Escolhi uma profissão que lida diretamente com a realidade das coisas. Além disso, fui mexer com imagens, televisão. Então, muitas vezes vejo e ouço coisas que não vão ao ar pelo absurdo que são. Já vi cadáveres em putrefação, cabeças sem corpo, sangue, trechos de entrevistas que as pessoas falam coisas horrorosas e até cenas de sexo que um ex-namorado decidiu espalhar por celular para desmoralizar a namorada menor de idade. E de tudo isso resguardamos nosso telespectador. Muitas vezes quem está em casa só vê imagens nubladas ou com mosaico, mas nós vemos tudo.
Baldes de realidade assim na cara me fazem refletir sobre nós, os seres humanos. Há cerca de duas semanas editei uma matéria sobre uma menina de 10 anos que tinha encontrado uma ossada humana, a vítima, enterrada debaixo de uma mangueira deveria ter entre 14 e 16 anos.
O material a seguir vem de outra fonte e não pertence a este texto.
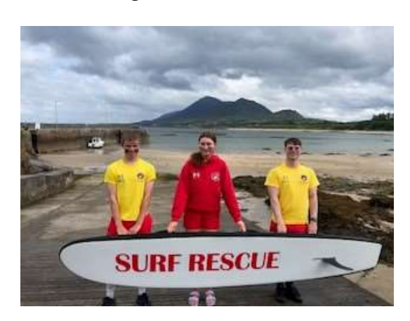
Lifeguards at Old Head Beach

A menina que a encontrou estava assustada e chorava dizendo que estava com dó já que aquilo poderia ter acontecido com qualquer um, até mesmo com ela. Até aí, tudo bem. Uma atitude esperada para seres humanos dotados de compaixão.
Mais na frente, a repórter Vanessa Lima perguntava para uma moradora do bairro se ela tinha ficado assustada com a descoberta da ossada ali perto da casa dela. Para meu espanto, a mulher disse que não! Ela disse que até achou que fosse osso de cachorro! (aposto que ela teria outra opinião se fosse um parente dela).
Alguns dias depois fui editar uma matéria sobre um bairro de Aparecida de Goiânia que está servindo como local de “desova” de cadáveres. A repórter Manuela Queiroz perguntou a uma moradora do setor se ela ficava com medo. E, mais uma vez para meu espanto, ela disse que não, porque os crimes não acontecem com gente do bairro. E ainda acrescentou: “Quando a gente vê os urubus voando num lugar, a gente até já sabe o que é. Daí, chama a polícia”. (A que ponto chegamos! Desculpem, mas não acho que isso é normal).
Mas o auge dos banhos de realidade que venho tomando foi ontem. Estava eu, em casa (dessa vez não fui eu quem editou a matéria) assistindo a entrevista feita por Fernanda Arcanjo com a namorada de Mohamed d’Ali, que matou e esquartejou a inglesa Cara Burke. A namorada, Hellen Victoy, anunciou que vai se casar com o assassino confesso no fim do ano. Até aí, tudo bem, problema dela! Mas quando a moça foi perguntada se ela não acha que Mohamed é um monstro, ela veio com essa resposta: “Errar todo mundo erra, matar todo mundo mata. Quem nunca errou? Se você está no trânsito e atropela uma pessoa, matou do mesmo jeito. Agora, só porque ele esquartejou?” (daí eu pensei: Santo Deus, em que mundo eu estou? Será que meu cérebro foi muito afetado pelo colégio de freiras que eu estudei? Porque eu não acho que matar é normal!).
Mas a entrevista ainda não tinha terminado. A moça ainda disse que acha que o crime cometido pelo namorado só teve tanta repercussão porque ele matou uma inglesa loira dos olhos azuis, porque se fossse uma “pessoa de cor, do cabelo ruim” (são palavras dela) ninguém estava nem aí. Coisas assim não podem cair na normalidade. Encontrar corpos não é normal, tirar a vida de alguém não é normal. É só pensar que isso poderia acontecer com uma pessoa que amamos. Os seres humanos deveriam exercitar mais a compaixão ou daqui uns tempos estaremos contando quantos já matamos.